What You Need to Know About African Swine Fever

One of the deadliest swine viruses on earth, African swine fever (ASF), has spread for the first time to the world’s largest pork producing country, China. The situation is changing rapidly, but here is what we know today about the situation.

Is it under control in China?

No. The virus is spreading rapidly and uncontrollably throughout China. The first case was reported on August 3, 2018. By September 6, there were at least 15 cases in six or more provinces. China is the world’s largest pork producer, with a sow base of about 40 million (the U.S. has about 6 million).

How did it get into China? 

Likely through Russia. Early DNA sequence analysis indicates that the virus in China is the same virus that has been spreading through Russia. In 2007, ASF was introduced into the Caucasus region of Eurasia, including Russia, Lithuania, Poland, and Romania, where it has spread widely among wild boars and domesticated pigs. The virus can persist for long periods in uncooked pig products.

How is it controlled?

Extermination of infected herds. There is no vaccine or other treatment for ASF.

How does it spread?

The ASF virus is highly contagious. It is endemic in feral or wild pigs, and transmission cycles between these animals and Ornithodoros ticks can prevent eradication. The virus is very resistant to disinfection.

Could the virus spread in feed ingredients?

Yes. This is a key area of potential high risk of disease transport to U.S. swine herds.
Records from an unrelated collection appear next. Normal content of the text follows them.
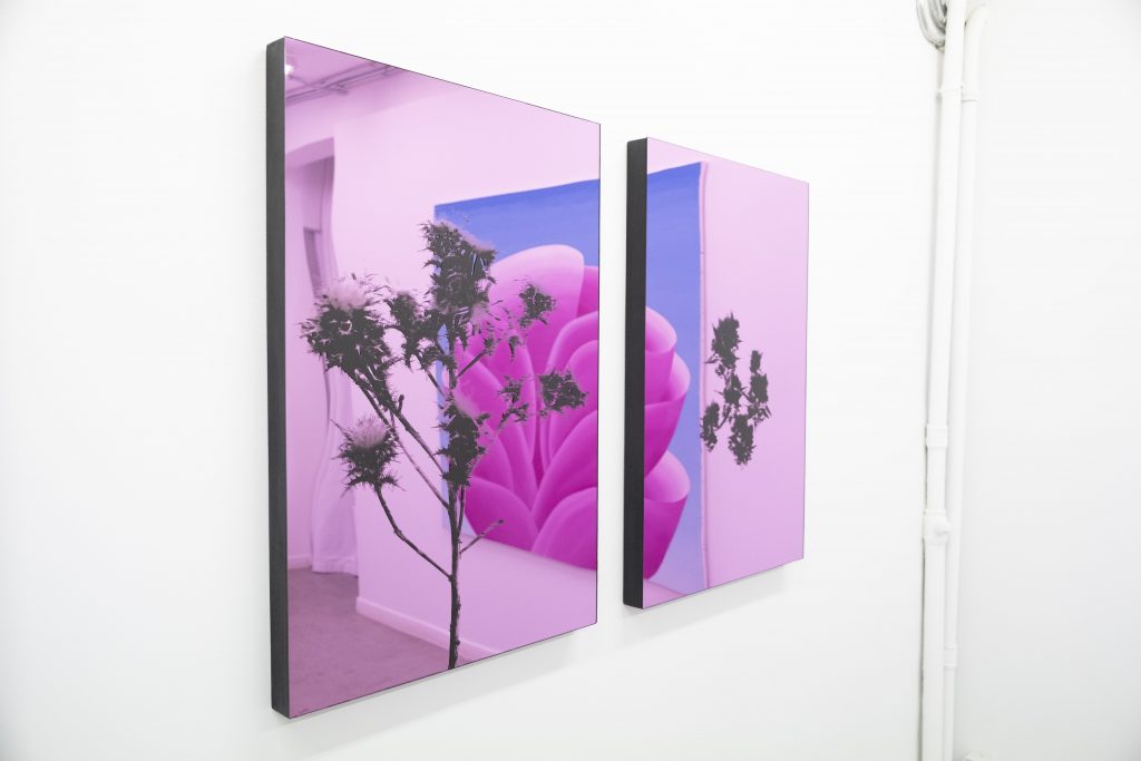Frente a esta visión, Jorge García propone un jardín de naturaleza completamente distinta: un jardín manufacturado, casi bélico, donde los materiales industriales (metales, superficies espejadas, impresiones de alto contraste) convierten la belleza floral en un gesto ambiguo. Lo que en principio podría leerse como un homenaje visual al color y la luminosidad, incluso a lo kitsch, termina revelando una pulsión inquietante: la tensión entre seducción y amenaza.
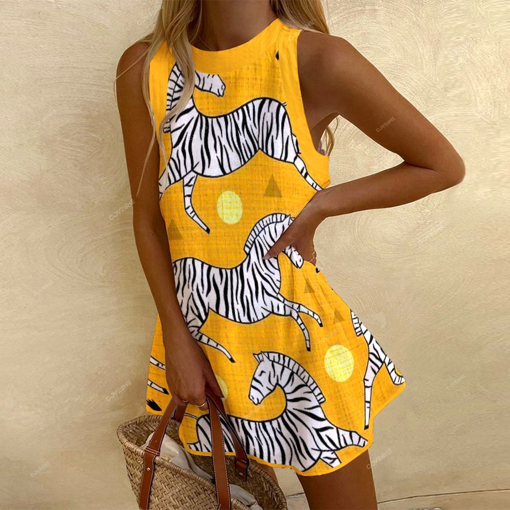 Women's Sleeveless Sea Waves Starfish Shells Printed Dress
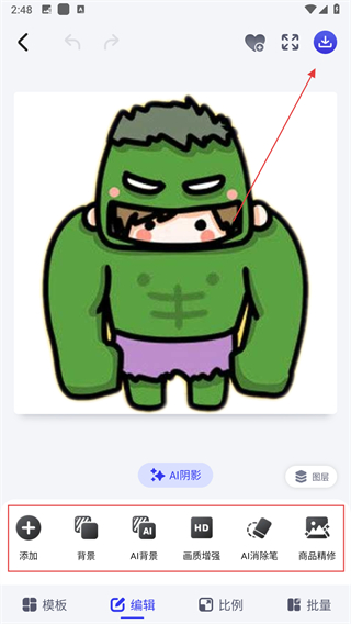 3、選中圖片后進入編輯界面,底根據(jù)需求選擇相應(yīng)工具對圖片進行處理,完成編輯后,點擊下載。
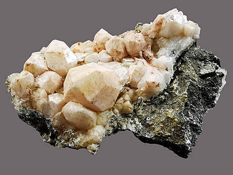 farblose Analcim xx neben Heulandit auf Tonschiefer St. Andreasberg, Harz, Niedersachsen, BRD Stufe: 10 x 7 cm |
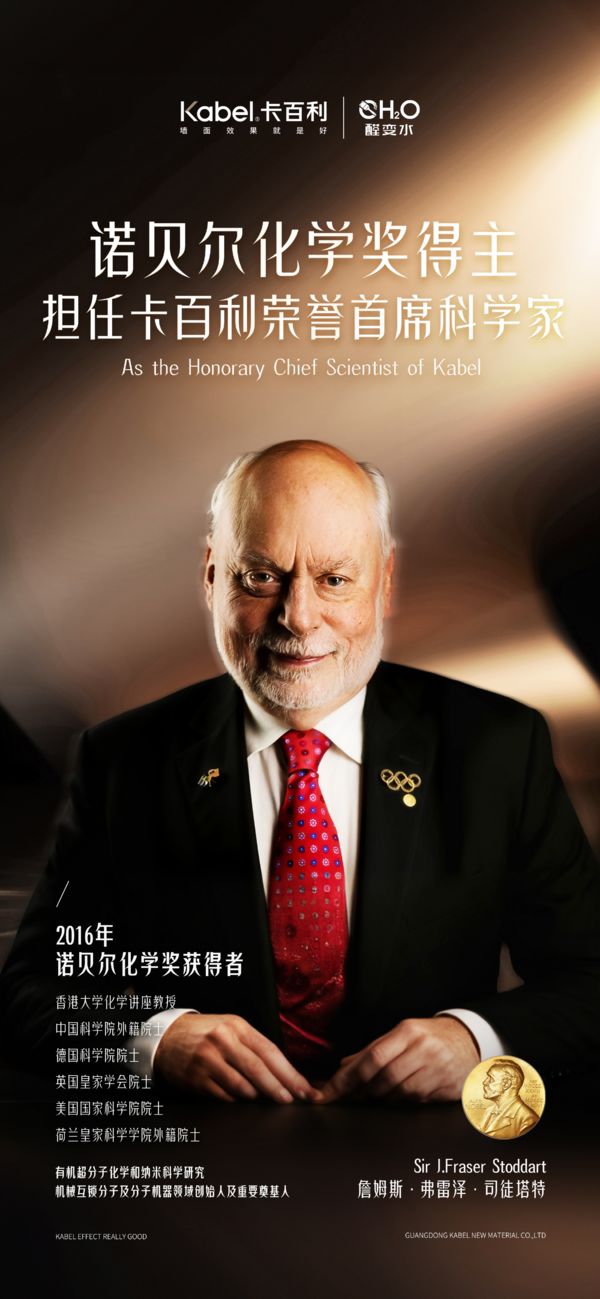2024年12月17日,卡百利Kabel宣布正式聘任2016年诺贝尔化学奖得主詹姆斯·弗雷泽·司徒塔特教授为荣誉首席科学家。司徒塔特教授的加入,将为卡百利在科技创新与产品研发中注入世界级顶尖的智慧与力量,为卡百利打造更环保、更好的墙面效果提供科学专业指导,用世界级专家理论成果为卡百利涂料研究保驾护航。

Feed ingredients can support viral survival after trans-Atlantic and trans-Pacific shipping to U.S. ports and on to locations that manufacture feed for swine. Get more information on how to minimize risk from feed ingredients here:

How do uninfected farms in China handle the spreading risk?

Lockdown. People movement between farms in China has stopped. Pig traffic has stopped in or out of the provinces. Breeding stock companies have stopped deliveries of boars and gilts to farms.
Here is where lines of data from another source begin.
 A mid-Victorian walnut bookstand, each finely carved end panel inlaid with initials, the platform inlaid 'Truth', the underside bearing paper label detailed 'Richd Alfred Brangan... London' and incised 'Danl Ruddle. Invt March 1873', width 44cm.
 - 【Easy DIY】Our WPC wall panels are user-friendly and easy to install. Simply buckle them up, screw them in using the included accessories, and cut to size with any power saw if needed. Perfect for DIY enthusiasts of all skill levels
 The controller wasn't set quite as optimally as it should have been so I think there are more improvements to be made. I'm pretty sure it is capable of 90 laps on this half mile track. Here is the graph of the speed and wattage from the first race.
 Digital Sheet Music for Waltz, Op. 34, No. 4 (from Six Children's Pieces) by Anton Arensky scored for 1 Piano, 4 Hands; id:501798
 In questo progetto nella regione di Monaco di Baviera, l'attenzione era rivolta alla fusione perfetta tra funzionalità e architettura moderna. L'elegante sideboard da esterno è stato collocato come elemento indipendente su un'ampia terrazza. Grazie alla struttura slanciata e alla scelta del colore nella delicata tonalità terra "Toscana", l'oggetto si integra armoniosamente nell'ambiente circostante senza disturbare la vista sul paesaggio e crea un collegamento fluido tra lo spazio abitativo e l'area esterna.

What are the disease signs?

The first sign of infection is often sudden death. Other symptoms include fever, anorexia, lethargy, and weakness. Redness and blotching of the skin may also be seen, especially on ears, tail, legs, and ham. Bloody diarrhea may occur, as well as abortions in pregnant sows.
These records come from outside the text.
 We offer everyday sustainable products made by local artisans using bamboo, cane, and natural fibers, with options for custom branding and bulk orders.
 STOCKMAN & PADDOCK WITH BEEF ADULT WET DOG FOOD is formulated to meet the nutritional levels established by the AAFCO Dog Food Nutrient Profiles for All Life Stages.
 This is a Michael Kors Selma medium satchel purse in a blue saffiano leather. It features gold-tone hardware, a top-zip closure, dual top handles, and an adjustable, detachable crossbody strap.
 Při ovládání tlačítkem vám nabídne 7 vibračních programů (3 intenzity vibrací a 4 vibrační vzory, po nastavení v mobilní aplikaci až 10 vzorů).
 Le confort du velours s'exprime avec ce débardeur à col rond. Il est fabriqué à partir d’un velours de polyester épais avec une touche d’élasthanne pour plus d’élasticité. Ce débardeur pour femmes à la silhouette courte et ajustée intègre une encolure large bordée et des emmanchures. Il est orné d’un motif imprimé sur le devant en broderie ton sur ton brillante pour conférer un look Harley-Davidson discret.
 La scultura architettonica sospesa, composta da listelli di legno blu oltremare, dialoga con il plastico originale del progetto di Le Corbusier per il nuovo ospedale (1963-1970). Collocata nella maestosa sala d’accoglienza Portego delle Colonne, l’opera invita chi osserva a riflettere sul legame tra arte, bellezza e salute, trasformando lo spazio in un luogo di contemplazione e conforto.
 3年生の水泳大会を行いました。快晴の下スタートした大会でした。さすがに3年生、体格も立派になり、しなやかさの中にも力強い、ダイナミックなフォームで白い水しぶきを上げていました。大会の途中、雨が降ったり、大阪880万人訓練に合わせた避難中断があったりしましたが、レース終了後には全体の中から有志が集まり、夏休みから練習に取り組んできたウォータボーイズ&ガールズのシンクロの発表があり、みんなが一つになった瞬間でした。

Is there a risk to humans?

No. ASF cannot be transmitted to humans, so it is not a public health or food safety concern.

How deadly is it to pigs?

ASF virus isolates vary in virulence from highly pathogenic strains that cause near 100% mortality to low-virulence isolates that can be difficult to diagnose.

Could the U.S. benefit from the situation in China?

Possibly, as long as we don’t get ASF. China may need to import more pork.

If the virus got into the wild pig population of the U.S., what would happen?

It has the potential to spread everywhere and create significant mortality issues as well as cut off exports immediately. Total devastation.